Source records:
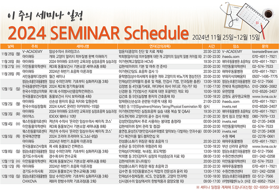 [세미나 캘린더] 2024년 11월 25일~2024년 12월 15일
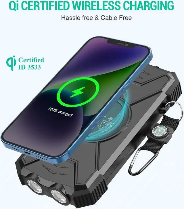 Leading USB C Input Output Tech and Qi Wireless: The latest upgrade includes a USB-C output with 20W fast charging capability, which can charge your iPhone 15 to 65% in just 30 minutes, and zero damage to your devices. Support charging 3 devices simultaneously, multiple output/input methods, freeing your worries of a power outage. Compatible with almost all smart devices, such as iPhone, ipad, Samsung, etc.
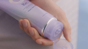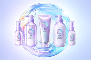 JINの「ルシードエル」という囁きから始まり、Re:(アールイー)シリーズのブランドカラーである、紫色の衣装を身にまとったJINが、明るい日差しの差すバスルームに登場。。JINがRe:(アールイー)シリーズのヘアマスクのキャップを開けると、Re:(アールイー)シリーズの再整美容(※1)を象徴する「再整リング」が出現し、JINに接近。再整リングが回転する中で、JINの美しい髪がなびく様子が様々な角度から映し出される。
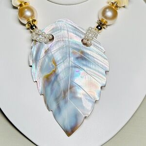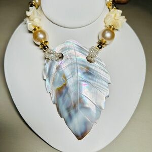 Vintage Beautiful Mother of Pearl Carved Leaf pendant necklace is in great vintage condition and kept in a clean smoke free home. 21" long, and 4" X 2.75” pendant
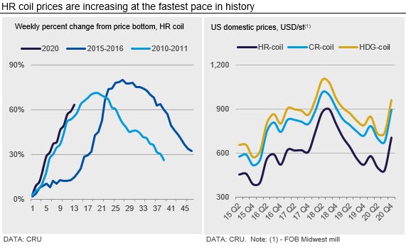 North American sheet prices have continued to surge after bottoming this past August. For HR coil, prices have been assessed at $712 /s.ton. Since Aug. 12, these prices have gained $237 /s.ton, or 63%. This is the fastest percent gain over three months in CRU’s 41 years of steel price assessments.
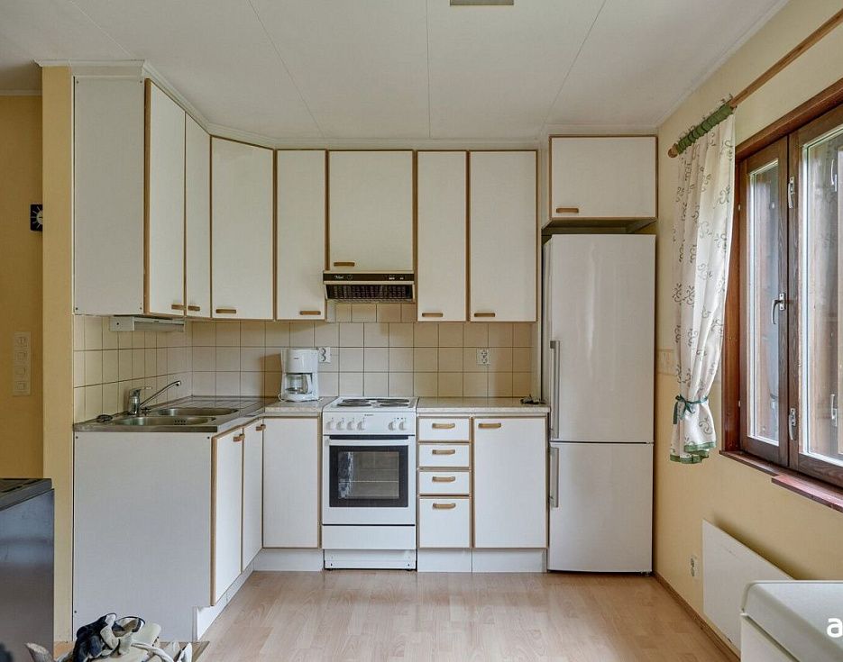 Возможно дистанционное проведение сделки без Вашего присутствия по доверенности!!! Дом для постоянного проживания в HaminaГод постройки – 1987, общая площадь – 97,7 кв.м., 1 этаж.В доме гостиная, кухня, спальня, санузел, сауна.Площадь участка в собственности – 1,4 ГаСобственная берег реки.Цена – 28 000 евро.Ежегодный налог на недвижимость – 229,81 евро / годЭлектрическое отопление.Собственный септик и канализация.До ближайшего магазина – около 6 км. До ближайшей школы – около 6 км.
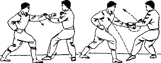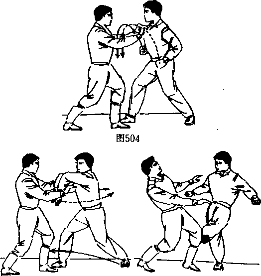 【例21我方站立,敌方上步进身,出双手来抓我胸口, 我立即双手屈肘,向上、向内、再向下,从敌双手间穿过,再握 '拳向两便I分化敌双手,同时右腿微屈站立,提左腿脚尖外展, 、徽腿向前蹬击敌前腿膝部,以解危制敌。(图504.505,506)
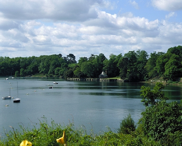 Façades et toitures du château et des communs, y compris le portique à l'entrée de la cour d'honneur ; boiseries de la salle à manger ; boiseries, plafond et parquet du grand salon ; cour d'honneur ; terrasses, parterres et jardins bordant la Rance (cad. C 615, 617, 621 à 624) : classement par arrêté du 20 juillet 1966. Ensemble du parc comprenant les murs de clôture, le parc (à l'exclusion des parties précédemment classées), les murs de quai avec les pavillons subsistant et la rabine d'accès (cad. C 616 à 620, 623a, 623c, 624, 1548, 1983 ; ZH 84) : classement par arrêté du 2 mai 1995 ; site inscrit.
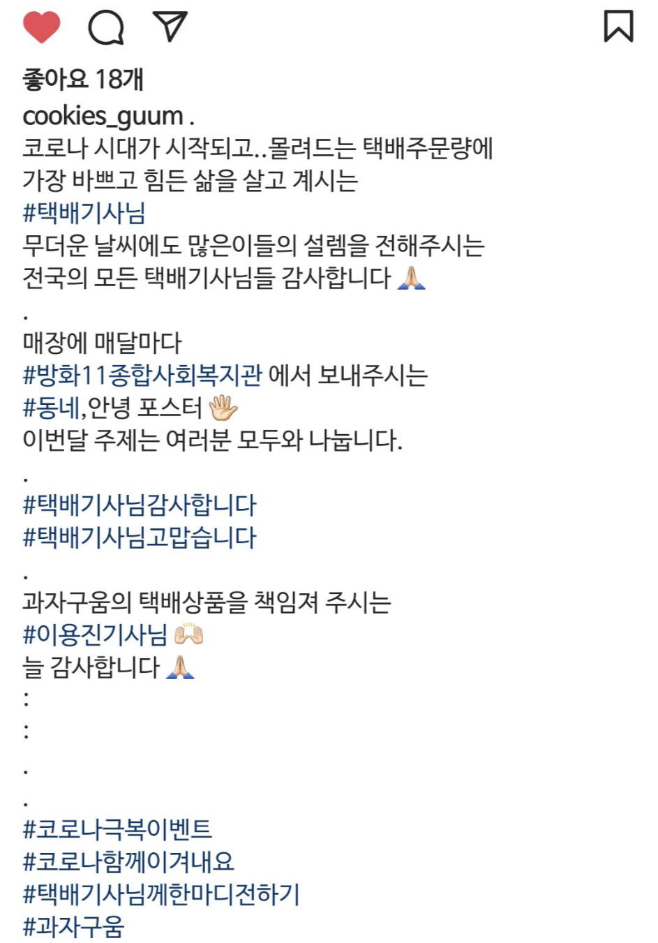 과자구움에 방문하니 사장님께서 이번 달 포스터 내용이 참 좋은 것 같다며 과자구움 인별그램에 공유해주셨다고 이야기해주셨습니다.
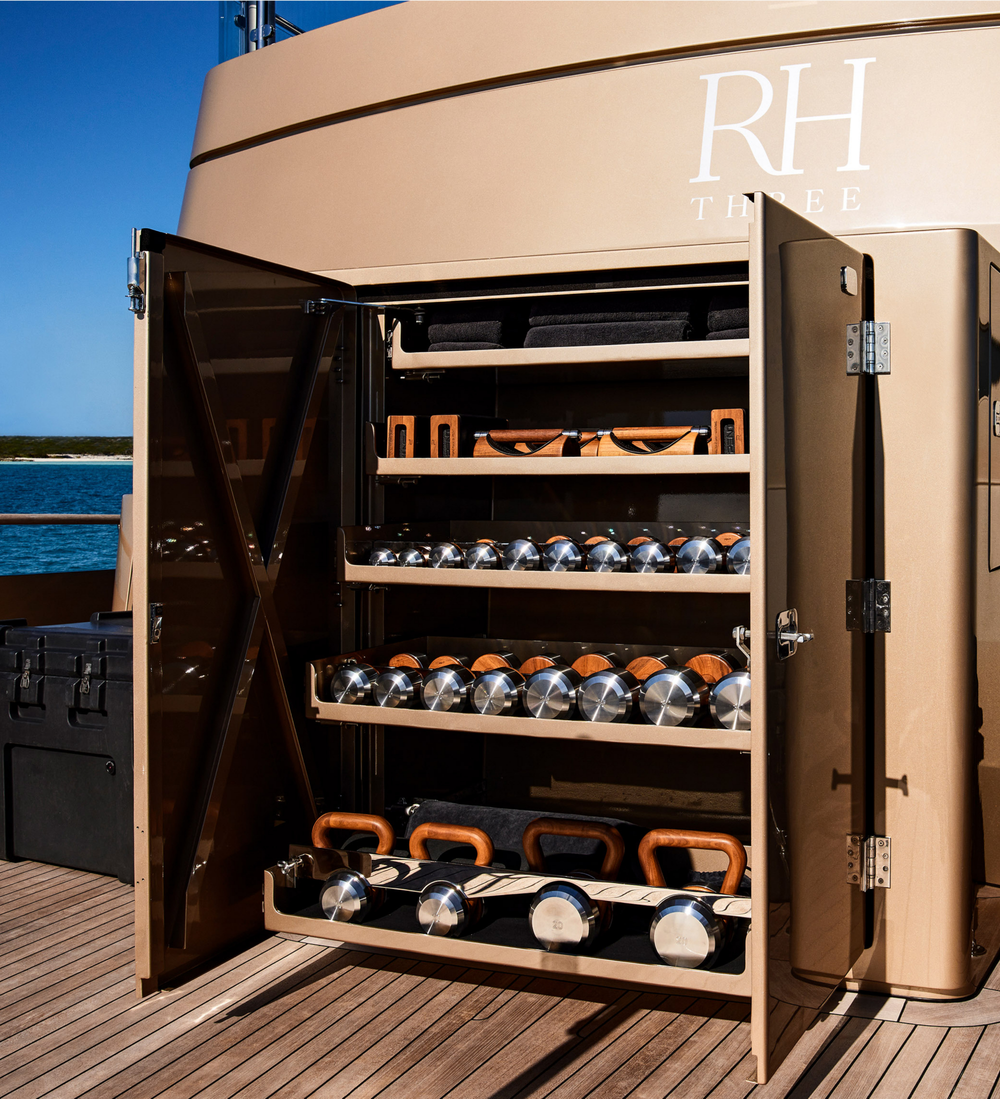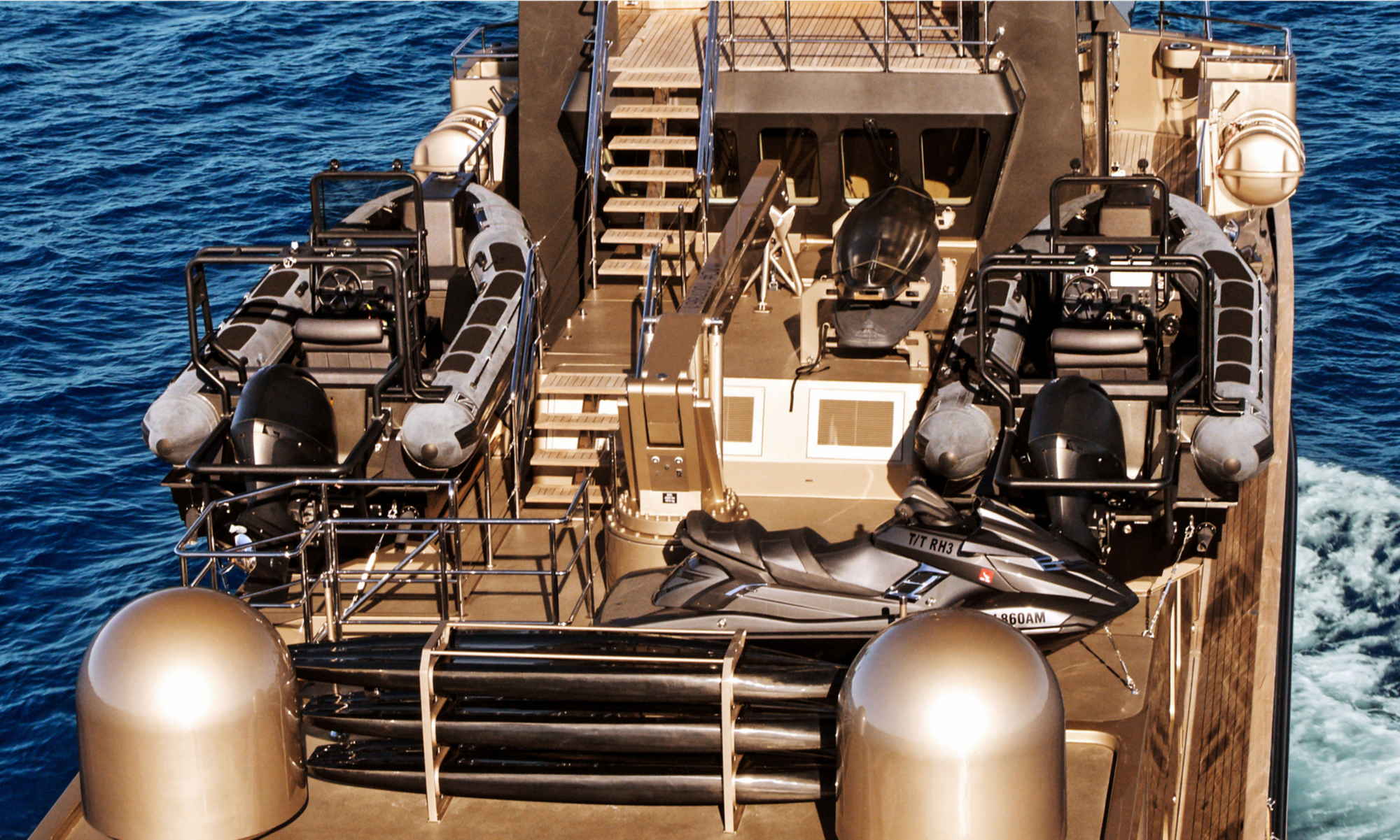 The boat deck houses RH THREE’s extensive collection of toys, designed to echo the yacht’s understated Phantom Grey and metallic champagne palette.
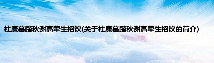 本文关于杜康墓踏秋谢高荦生招饮的简介就讲解完毕,希望对大家有所帮助。
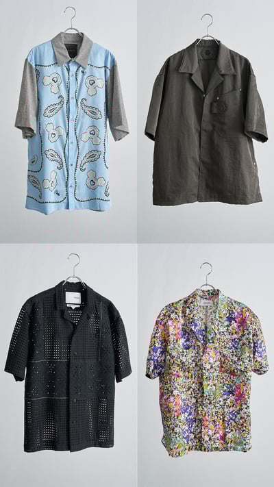 デザイナーが花屋に立ち寄った時に偶然見かけた“結露したガラス越しに見た花”を切り取り、柄として全面に落とし込んだ「ヨシオクボ(yoshiokubo)」。コットン特有のナチュラルな風合いに抽象画のような幻想的なプリントが映える一本は、総柄ながら落ち着いたトーンなのでスタイリングに取り入れやすく、夏の着こなしの主役を担ってくれます。
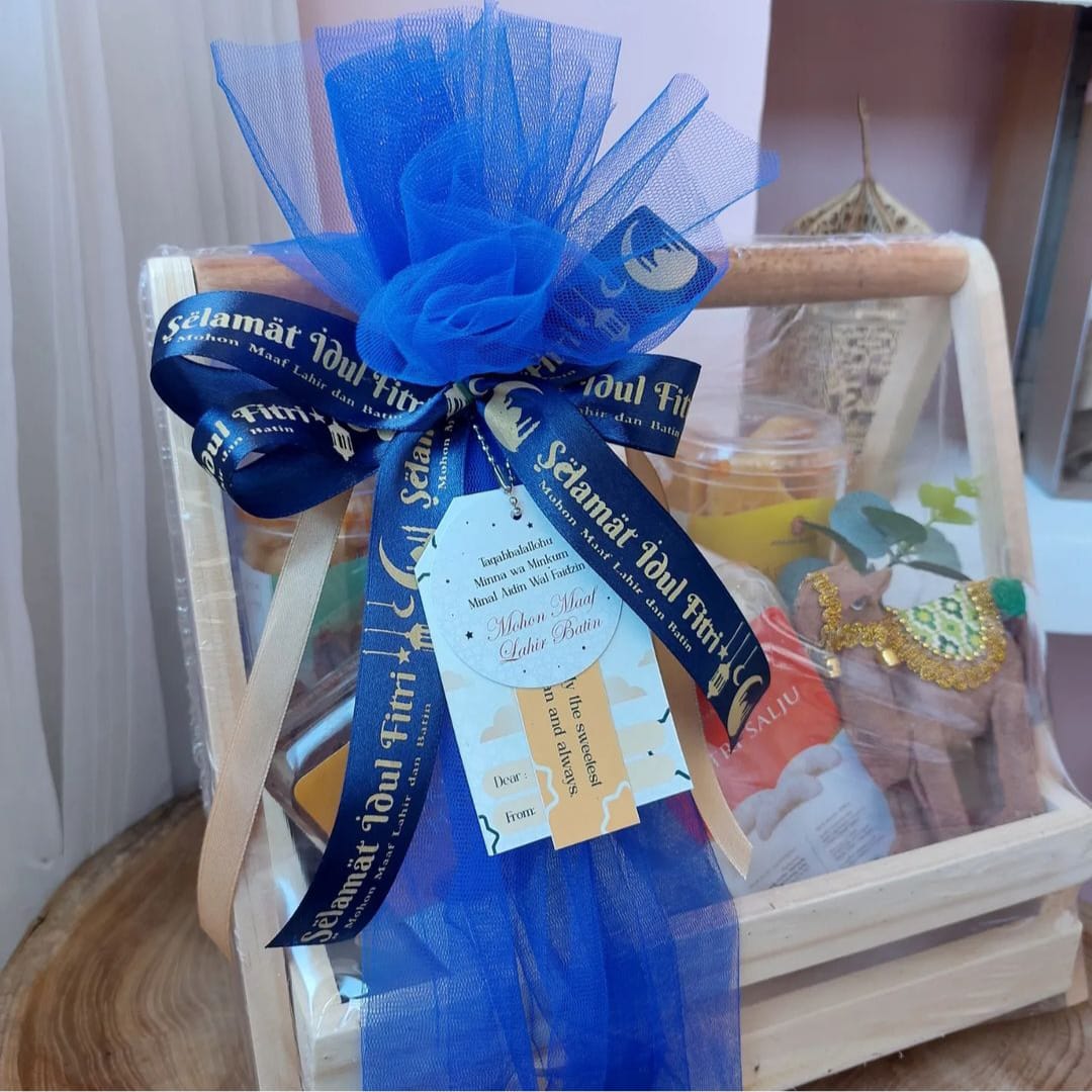 Hampers F dengan tray kayu yang kokoh dan hiasan boneka unta

● **YOUR GOAL**
The answer must be the entries above, printed exactly, with no pictures.

● **OUTPUT OF THE EXERCISE**
 [세미나 캘린더] 2024년 11월 25일~2024년 12월 15일
 Leading USB C Input Output Tech and Qi Wireless: The latest upgrade includes a USB-C output with 20W fast charging capability, which can charge your iPhone 15 to 65% in just 30 minutes, and zero damage to your devices. Support charging 3 devices simultaneously, multiple output/input methods, freeing your worries of a power outage. Compatible with almost all smart devices, such as iPhone, ipad, Samsung, etc.
 JINの「ルシードエル」という囁きから始まり、Re:(アールイー)シリーズのブランドカラーである、紫色の衣装を身にまとったJINが、明るい日差しの差すバスルームに登場。。JINがRe:(アールイー)シリーズのヘアマスクのキャップを開けると、Re:(アールイー)シリーズの再整美容(※1)を象徴する「再整リング」が出現し、JINに接近。再整リングが回転する中で、JINの美しい髪がなびく様子が様々な角度から映し出される。
 Vintage Beautiful Mother of Pearl Carved Leaf pendant necklace is in great vintage condition and kept in a clean smoke free home. 21" long, and 4" X 2.75” pendant
 North American sheet prices have continued to surge after bottoming this past August. For HR coil, prices have been assessed at $712 /s.ton. Since Aug. 12, these prices have gained $237 /s.ton, or 63%. This is the fastest percent gain over three months in CRU’s 41 years of steel price assessments.
 Возможно дистанционное проведение сделки без Вашего присутствия по доверенности!!! Дом для постоянного проживания в HaminaГод постройки – 1987, общая площадь – 97,7 кв.м., 1 этаж.В доме гостиная, кухня, спальня, санузел, сауна.Площадь участка в собственности – 1,4 ГаСобственная берег реки.Цена – 28 000 евро.Ежегодный налог на недвижимость – 229,81 евро / годЭлектрическое отопление.Собственный септик и канализация.До ближайшего магазина – около 6 км. До ближайшей школы – около 6 км.
 【例21我方站立,敌方上步进身,出双手来抓我胸口, 我立即双手屈肘,向上、向内、再向下,从敌双手间穿过,再握 '拳向两便I分化敌双手,同时右腿微屈站立,提左腿脚尖外展, 、徽腿向前蹬击敌前腿膝部,以解危制敌。(图504.505,506)
 Façades et toitures du château et des communs, y compris le portique à l'entrée de la cour d'honneur ; boiseries de la salle à manger ; boiseries, plafond et parquet du grand salon ; cour d'honneur ; terrasses, parterres et jardins bordant la Rance (cad. C 615, 617, 621 à 624) : classement par arrêté du 20 juillet 1966. Ensemble du parc comprenant les murs de clôture, le parc (à l'exclusion des parties précédemment classées), les murs de quai avec les pavillons subsistant et la rabine d'accès (cad. C 616 à 620, 623a, 623c, 624, 1548, 1983 ; ZH 84) : classement par arrêté du 2 mai 1995 ; site inscrit.
 과자구움에 방문하니 사장님께서 이번 달 포스터 내용이 참 좋은 것 같다며 과자구움 인별그램에 공유해주셨다고 이야기해주셨습니다.
 The boat deck houses RH THREE’s extensive collection of toys, designed to echo the yacht’s understated Phantom Grey and metallic champagne palette.
 本文关于杜康墓踏秋谢高荦生招饮的简介就讲解完毕,希望对大家有所帮助。
 デザイナーが花屋に立ち寄った時に偶然見かけた“結露したガラス越しに見た花”を切り取り、柄として全面に落とし込んだ「ヨシオクボ(yoshiokubo)」。コットン特有のナチュラルな風合いに抽象画のような幻想的なプリントが映える一本は、総柄ながら落ち着いたトーンなのでスタイリングに取り入れやすく、夏の着こなしの主役を担ってくれます。
 Hampers F dengan tray kayu yang kokoh dan hiasan boneka unta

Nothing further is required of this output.